Serta memasukkan Pasal 20 tentang illicit enrichment atau penambahan kekayaan tidak sah. Karena banyak pegawai negeri atau penyelenggara negara yang memiliki kekayaan diluar batas kewajaran dan fantastis. Tapi, tak pernah melaporkan ke LHKPN dan Ditjen Pajak.

Pengamat isu-isu korupsi Robby Arya Brata dalam diskusi itu juga sependapat dengan dua narasumber lain. Karena pengaturan gratifikasi di UU Tipikor memang tidak jelas. Mengutip Black’s Law Dictionary bahwa gratifikasi sebagai “a voluntarily given reward or recompense for a service or benefit”. Yaitu sebagai pemberian, hadiah secara sukarela sebagai kompensasi atau balas jasa atas pemberian pelayanan atau manfaat atau keuntungan.

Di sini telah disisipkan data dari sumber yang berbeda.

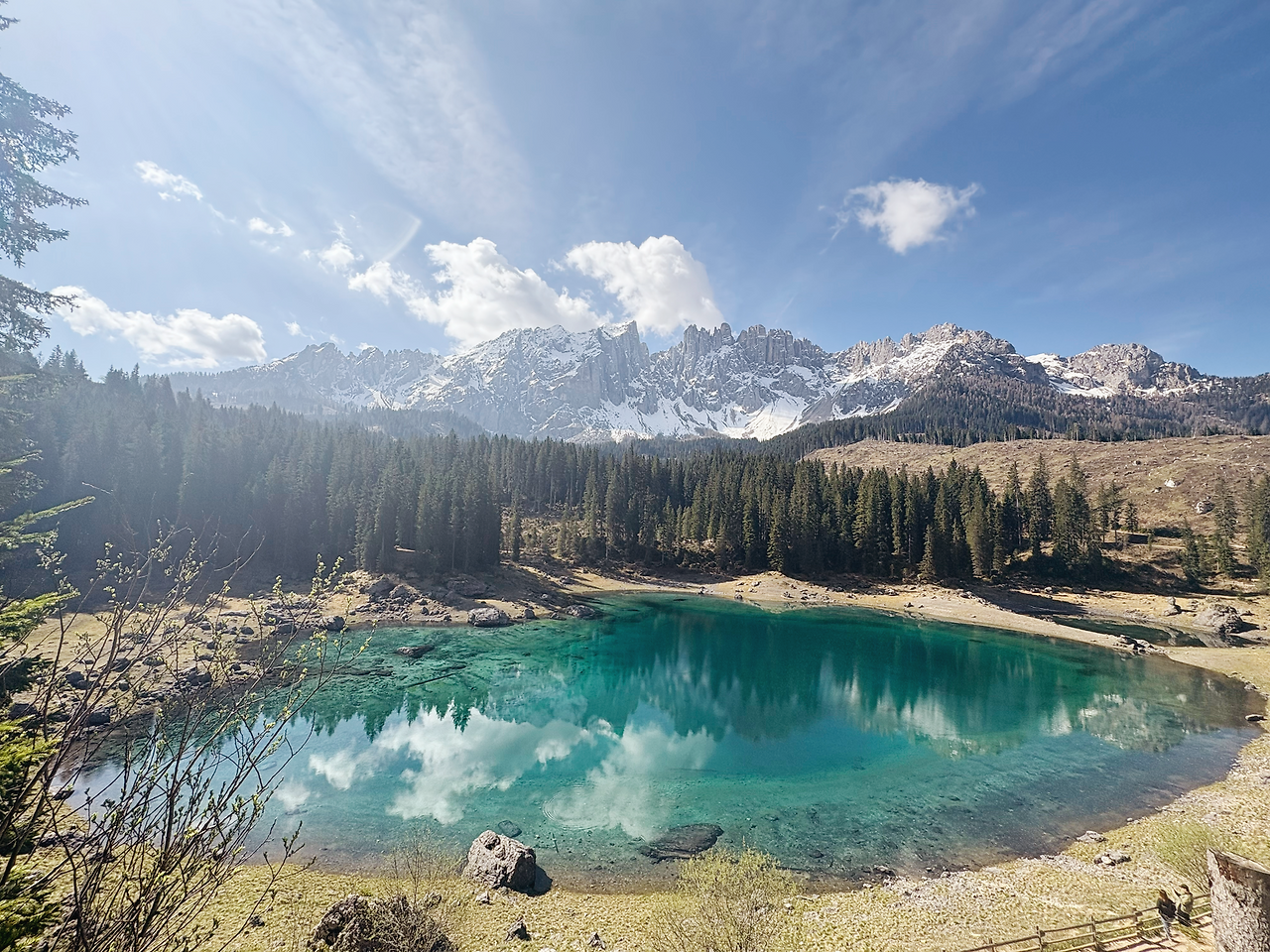 볼차노에서 버스 타고 50분 정도 가면 호수 바로 앞에 내려준다. 버스는 꽤 높이까지 올라가서 가면서 돌로미티 풍경도 볼 수 있다. 호수 앞에 도착하면 절로 탄성이 나온다. 폴란드의 모로스키에 오코에서 이제 호수 풍경은 끝판왕을 봤다고 생각했는데, 여기 호수 풍경도 장난이 아니었다. 호수 자체는 작지만 물색이 완전 에메랄드 빛이고 뒤에는 설산이 병풍처럼 둘러쌓고 있어 아주 아름다웠다. 호수를 한 바퀴 돌면서 풍경을 감상할 수 있다. 천천히 돌아도 한 시간도 걸리지 않는 크기다. 따뜻한 햇살을 맞으며 점심으로 싸간 케밥을 먹으며 풍경을 감상했다.

Tapi, Pasal 12B tidak menyatakan secara jelas dan tegas perbedaan gratifikasi dan suap, apalagi tempus delicti-nya. Gratifikasi menjadi atau sama dengan suap bila pemberian gratifikasi tersebut berhubungan dengan jabatannya dan berlawanan dengan kewajiban atau tugasnya. Jadi gratifikasi-suap (corrupt gratification) dapat terjadi sebelum (ex-ante) atau setelah (ex-post factum) tindakan dan keputusan korup pejabat publik dilakukan/tidak dilakukan.

Dia berpendapat, corrupt gratification merupakan ex-post factum karena diberikan sebagai reward berkaitan dan/atau bertentangan dengan tugas dan kewajiban pejabat publik. Sedangkan, suap, termasuk janji, merupakan ex-ante factum yaitu usaha untuk menggerakan atau mempengaruhi (inducement) dilakukannya tindak pidana korupsi.

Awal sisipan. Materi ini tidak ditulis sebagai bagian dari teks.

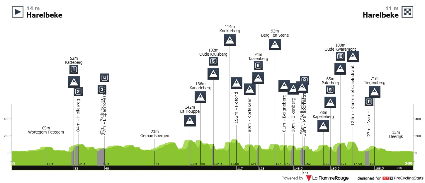 De Harelbeke para Harelbeke. Não há muitas clássicas a começar e acabar na mesma localidade. Um percurso que não costuma sofrer muitas alterações e, este ano, pouco mudou em relação ao ano passado, teremos menos uma subida categorizada, mas mais um setor de pavé, o que em nada deverá mudar o espetáculo que teremos, pois o bloco principal de dureza da prova mantém-se o mesmo.

Sanksi terhadap corrupt gratification bisa lebih berat atau lebih ringan dari suap. Lebih berat apabila tindakan dan keputusan yang bertentangan dengan kewajiban dan merugikan kepentingan umum itu telah terjadi. Lebih ringan bila ternyata tindakan pejabat publik itu tidak bertentangan dengan kewajibannya. Tapi tindakan ini dikriminalisasi karena berpotensi atau menciptakan budaya suap/korupsi.

“Sedangkan suap dihukum lebih ringan karena tindakan korup yang merugikan itu belum terjadi,” urainya.

Dia menambahkan seharusnya penerapan pembuktian terbalik (reversed burden of proof) tidak dibatasi pada penerimaan gratifikasi dengan nilai di atas Rp 10 juta. Penerima gratifikasi harus membuktikan sebaliknya bahwa gratifikasi yang dia terima bukan suap, berapapun jumlahnya. Pembuktian terbalik ini penting terutama untuk mengungkap illicit enrichment sebagai hasil penerimaan gratifikasi yang ilegal.